» Exercise instructions: Starting with the first line, output the data exactly through to the end.
○ ○ ○ ○ ○ ○ ○
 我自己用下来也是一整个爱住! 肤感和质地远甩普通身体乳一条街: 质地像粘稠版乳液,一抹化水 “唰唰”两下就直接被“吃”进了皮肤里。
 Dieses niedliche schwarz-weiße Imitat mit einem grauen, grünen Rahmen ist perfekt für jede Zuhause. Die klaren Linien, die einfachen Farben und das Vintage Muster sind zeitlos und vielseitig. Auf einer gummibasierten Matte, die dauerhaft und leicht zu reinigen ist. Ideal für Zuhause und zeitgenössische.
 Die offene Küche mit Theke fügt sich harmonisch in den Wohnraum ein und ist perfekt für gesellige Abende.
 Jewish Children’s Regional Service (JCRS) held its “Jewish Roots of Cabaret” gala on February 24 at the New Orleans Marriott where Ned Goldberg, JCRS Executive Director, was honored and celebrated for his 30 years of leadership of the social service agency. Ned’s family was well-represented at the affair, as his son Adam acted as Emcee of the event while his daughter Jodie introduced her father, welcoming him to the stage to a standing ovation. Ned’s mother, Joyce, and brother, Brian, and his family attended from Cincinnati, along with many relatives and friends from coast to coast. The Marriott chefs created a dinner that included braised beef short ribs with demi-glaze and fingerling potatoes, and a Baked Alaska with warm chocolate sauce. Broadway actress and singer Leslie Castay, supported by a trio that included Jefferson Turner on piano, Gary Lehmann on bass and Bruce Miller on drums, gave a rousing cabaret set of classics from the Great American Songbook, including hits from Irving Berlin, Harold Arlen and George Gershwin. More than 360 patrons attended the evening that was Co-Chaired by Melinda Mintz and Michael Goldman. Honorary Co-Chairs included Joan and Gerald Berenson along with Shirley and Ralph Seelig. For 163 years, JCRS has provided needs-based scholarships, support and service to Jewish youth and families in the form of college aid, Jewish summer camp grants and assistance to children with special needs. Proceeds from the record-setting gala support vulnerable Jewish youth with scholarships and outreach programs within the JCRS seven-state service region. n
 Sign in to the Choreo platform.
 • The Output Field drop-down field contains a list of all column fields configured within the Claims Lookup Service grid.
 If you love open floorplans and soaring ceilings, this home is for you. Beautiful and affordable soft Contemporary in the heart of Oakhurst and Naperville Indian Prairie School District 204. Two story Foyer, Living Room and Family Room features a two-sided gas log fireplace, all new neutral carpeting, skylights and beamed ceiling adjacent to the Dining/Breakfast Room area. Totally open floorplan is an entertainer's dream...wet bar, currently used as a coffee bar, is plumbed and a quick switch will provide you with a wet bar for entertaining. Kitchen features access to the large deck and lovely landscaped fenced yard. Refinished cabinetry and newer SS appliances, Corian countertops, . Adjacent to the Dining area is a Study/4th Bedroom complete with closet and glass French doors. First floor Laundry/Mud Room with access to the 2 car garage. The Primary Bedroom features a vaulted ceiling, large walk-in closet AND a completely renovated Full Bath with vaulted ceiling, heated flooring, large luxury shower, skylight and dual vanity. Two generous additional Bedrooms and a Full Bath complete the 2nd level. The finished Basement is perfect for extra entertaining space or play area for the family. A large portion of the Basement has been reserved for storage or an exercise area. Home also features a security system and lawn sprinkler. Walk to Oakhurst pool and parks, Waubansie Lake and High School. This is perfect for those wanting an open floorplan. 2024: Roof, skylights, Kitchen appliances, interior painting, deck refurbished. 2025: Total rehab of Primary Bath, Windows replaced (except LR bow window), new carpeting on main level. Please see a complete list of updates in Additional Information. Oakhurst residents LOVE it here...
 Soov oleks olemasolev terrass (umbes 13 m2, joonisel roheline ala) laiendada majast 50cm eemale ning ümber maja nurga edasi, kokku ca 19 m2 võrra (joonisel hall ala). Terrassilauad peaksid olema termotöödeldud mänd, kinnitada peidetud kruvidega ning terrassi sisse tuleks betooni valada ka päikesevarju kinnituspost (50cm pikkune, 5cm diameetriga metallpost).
○ ○ ○ ○ ○ ○ ○
» Result of the task:
 我自己用下来也是一整个爱住! 肤感和质地远甩普通身体乳一条街: 质地像粘稠版乳液,一抹化水 “唰唰”两下就直接被“吃”进了皮肤里。
 Dieses niedliche schwarz-weiße Imitat mit einem grauen, grünen Rahmen ist perfekt für jede Zuhause. Die klaren Linien, die einfachen Farben und das Vintage Muster sind zeitlos und vielseitig. Auf einer gummibasierten Matte, die dauerhaft und leicht zu reinigen ist. Ideal für Zuhause und zeitgenössische.
 Die offene Küche mit Theke fügt sich harmonisch in den Wohnraum ein und ist perfekt für gesellige Abende.
 Jewish Children’s Regional Service (JCRS) held its “Jewish Roots of Cabaret” gala on February 24 at the New Orleans Marriott where Ned Goldberg, JCRS Executive Director, was honored and celebrated for his 30 years of leadership of the social service agency. Ned’s family was well-represented at the affair, as his son Adam acted as Emcee of the event while his daughter Jodie introduced her father, welcoming him to the stage to a standing ovation. Ned’s mother, Joyce, and brother, Brian, and his family attended from Cincinnati, along with many relatives and friends from coast to coast. The Marriott chefs created a dinner that included braised beef short ribs with demi-glaze and fingerling potatoes, and a Baked Alaska with warm chocolate sauce. Broadway actress and singer Leslie Castay, supported by a trio that included Jefferson Turner on piano, Gary Lehmann on bass and Bruce Miller on drums, gave a rousing cabaret set of classics from the Great American Songbook, including hits from Irving Berlin, Harold Arlen and George Gershwin. More than 360 patrons attended the evening that was Co-Chaired by Melinda Mintz and Michael Goldman. Honorary Co-Chairs included Joan and Gerald Berenson along with Shirley and Ralph Seelig. For 163 years, JCRS has provided needs-based scholarships, support and service to Jewish youth and families in the form of college aid, Jewish summer camp grants and assistance to children with special needs. Proceeds from the record-setting gala support vulnerable Jewish youth with scholarships and outreach programs within the JCRS seven-state service region. n
 Sign in to the Choreo platform.
 • The Output Field drop-down field contains a list of all column fields configured within the Claims Lookup Service grid.
 If you love open floorplans and soaring ceilings, this home is for you. Beautiful and affordable soft Contemporary in the heart of Oakhurst and Naperville Indian Prairie School District 204. Two story Foyer, Living Room and Family Room features a two-sided gas log fireplace, all new neutral carpeting, skylights and beamed ceiling adjacent to the Dining/Breakfast Room area. Totally open floorplan is an entertainer's dream...wet bar, currently used as a coffee bar, is plumbed and a quick switch will provide you with a wet bar for entertaining. Kitchen features access to the large deck and lovely landscaped fenced yard. Refinished cabinetry and newer SS appliances, Corian countertops, . Adjacent to the Dining area is a Study/4th Bedroom complete with closet and glass French doors. First floor Laundry/Mud Room with access to the 2 car garage. The Primary Bedroom features a vaulted ceiling, large walk-in closet AND a completely renovated Full Bath with vaulted ceiling, heated flooring, large luxury shower, skylight and dual vanity. Two generous additional Bedrooms and a Full Bath complete the 2nd level. The finished Basement is perfect for extra entertaining space or play area for the family. A large portion of the Basement has been reserved for storage or an exercise area. Home also features a security system and lawn sprinkler. Walk to Oakhurst pool and parks, Waubansie Lake and High School. This is perfect for those wanting an open floorplan. 2024: Roof, skylights, Kitchen appliances, interior painting, deck refurbished. 2025: Total rehab of Primary Bath, Windows replaced (except LR bow window), new carpeting on main level. Please see a complete list of updates in Additional Information. Oakhurst residents LOVE it here...
 Soov oleks olemasolev terrass (umbes 13 m2, joonisel roheline ala) laiendada majast 50cm eemale ning ümber maja nurga edasi, kokku ca 19 m2 võrra (joonisel hall ala). Terrassilauad peaksid olema termotöödeldud mänd, kinnitada peidetud kruvidega ning terrassi sisse tuleks betooni valada ka päikesevarju kinnituspost (50cm pikkune, 5cm diameetriga metallpost).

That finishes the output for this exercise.